◆ **Required action**: What is needed is an exact reproduction of the lines in the records below, starting at the line with "1.【官网登录个人中心】-[软件定制]-[隐私屏定制]-[上传图片]-[提交定制审核]。" and ending at the line with "- выберите карточку", both included, and nothing else; pictures stay out.

◆ **Input**:
******
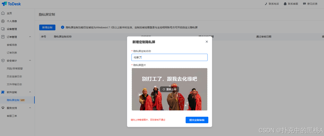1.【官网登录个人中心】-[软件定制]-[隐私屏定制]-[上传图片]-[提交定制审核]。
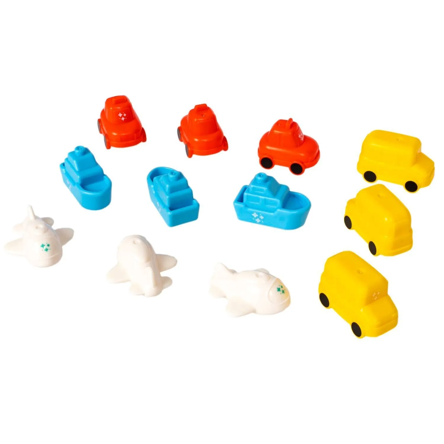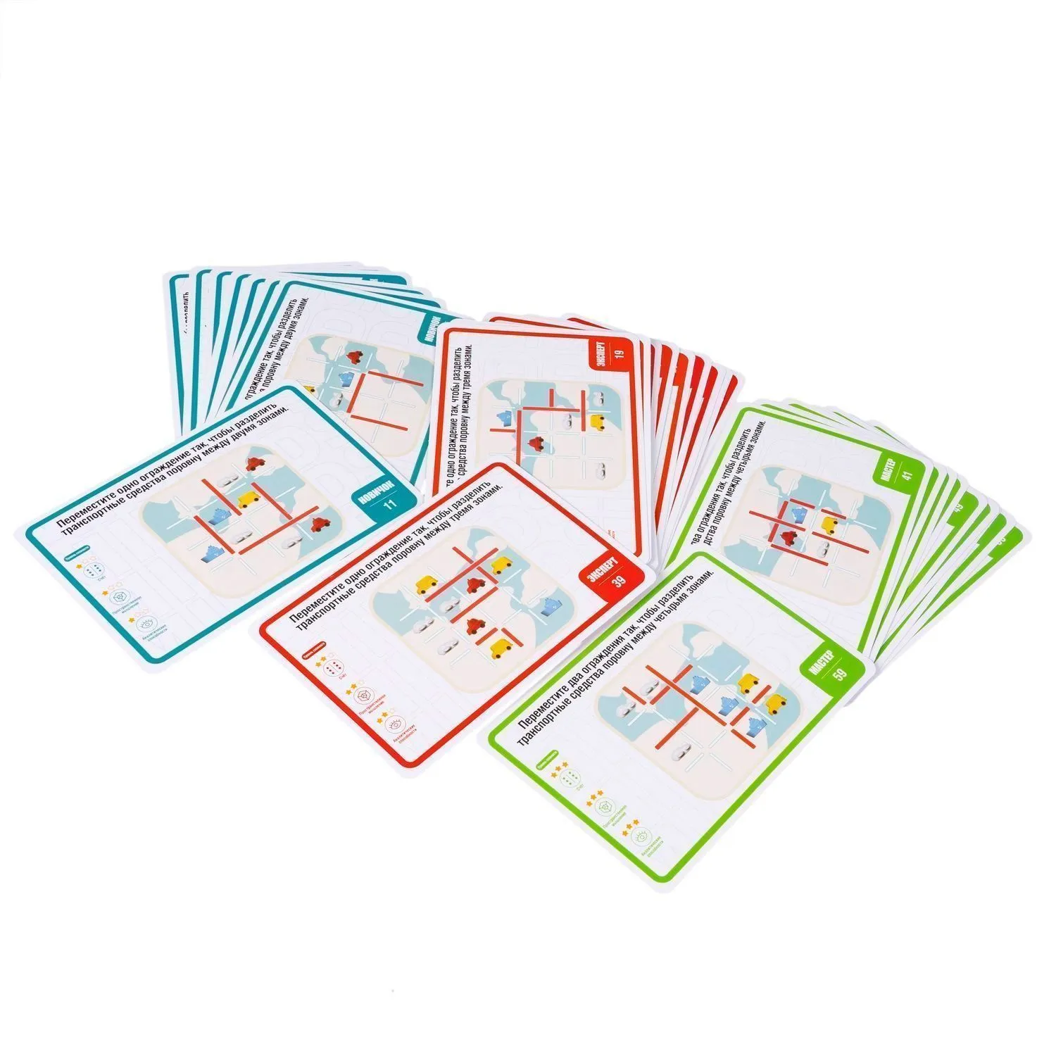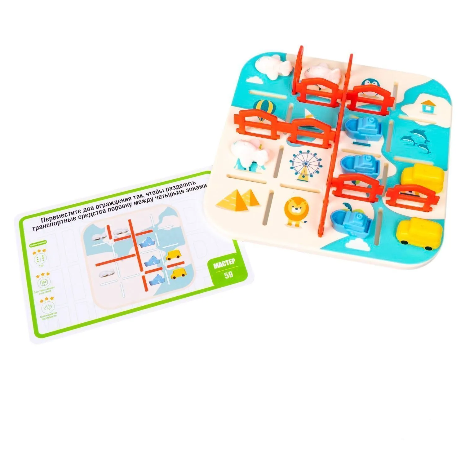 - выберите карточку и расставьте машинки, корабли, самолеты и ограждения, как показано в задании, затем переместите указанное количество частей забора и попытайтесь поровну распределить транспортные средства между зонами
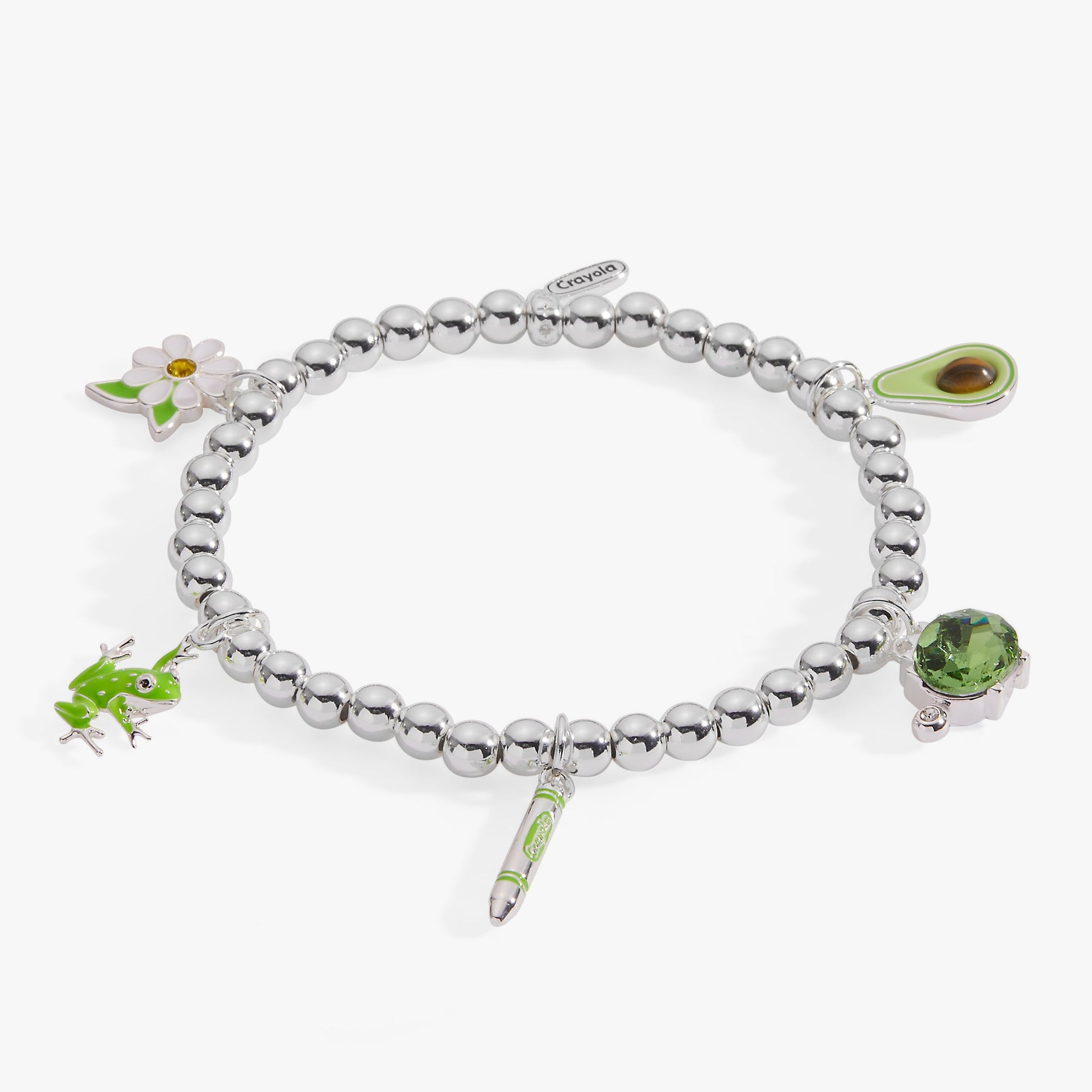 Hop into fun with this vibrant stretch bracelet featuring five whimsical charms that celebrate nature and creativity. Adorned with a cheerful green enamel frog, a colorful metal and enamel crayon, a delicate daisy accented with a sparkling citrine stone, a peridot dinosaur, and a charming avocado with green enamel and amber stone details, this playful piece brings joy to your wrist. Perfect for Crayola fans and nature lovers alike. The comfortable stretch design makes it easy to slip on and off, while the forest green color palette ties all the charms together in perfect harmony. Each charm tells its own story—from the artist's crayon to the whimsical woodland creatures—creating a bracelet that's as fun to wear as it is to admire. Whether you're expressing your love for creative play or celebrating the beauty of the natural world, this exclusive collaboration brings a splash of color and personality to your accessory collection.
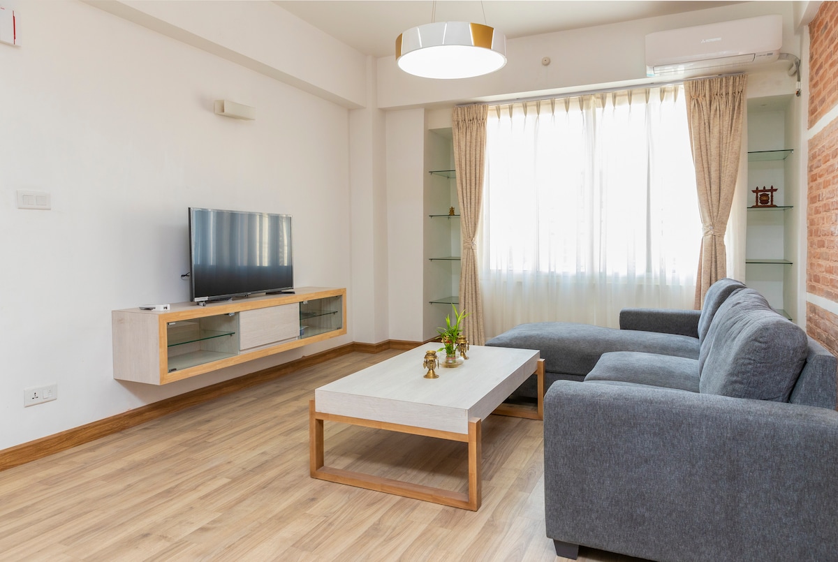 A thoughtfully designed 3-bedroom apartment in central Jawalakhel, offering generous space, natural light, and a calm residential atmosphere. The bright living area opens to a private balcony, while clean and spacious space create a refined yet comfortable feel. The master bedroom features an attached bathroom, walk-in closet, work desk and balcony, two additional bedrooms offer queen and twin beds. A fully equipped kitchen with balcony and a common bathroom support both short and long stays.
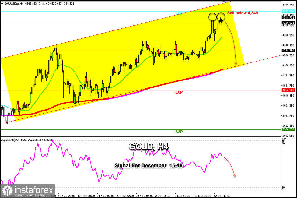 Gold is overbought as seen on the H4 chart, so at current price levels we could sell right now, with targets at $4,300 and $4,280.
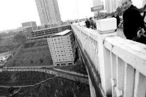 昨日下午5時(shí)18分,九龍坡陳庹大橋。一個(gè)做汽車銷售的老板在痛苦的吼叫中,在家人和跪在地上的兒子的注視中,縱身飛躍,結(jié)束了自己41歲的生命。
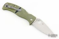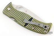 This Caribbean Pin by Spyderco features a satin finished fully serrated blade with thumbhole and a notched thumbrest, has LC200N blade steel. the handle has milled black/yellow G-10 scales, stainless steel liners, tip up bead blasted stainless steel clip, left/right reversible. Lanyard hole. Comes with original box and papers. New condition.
******
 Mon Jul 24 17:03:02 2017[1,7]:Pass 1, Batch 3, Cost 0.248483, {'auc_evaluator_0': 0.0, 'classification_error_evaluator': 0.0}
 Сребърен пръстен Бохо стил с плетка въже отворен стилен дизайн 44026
******
◆ **Final answer**:
1.【官网登录个人中心】-[软件定制]-[隐私屏定制]-[上传图片]-[提交定制审核]。
 - выберите карточку и расставьте машинки, корабли, самолеты и ограждения, как показано в задании, затем переместите указанное количество частей забора и попытайтесь поровну распределить транспортные средства между зонами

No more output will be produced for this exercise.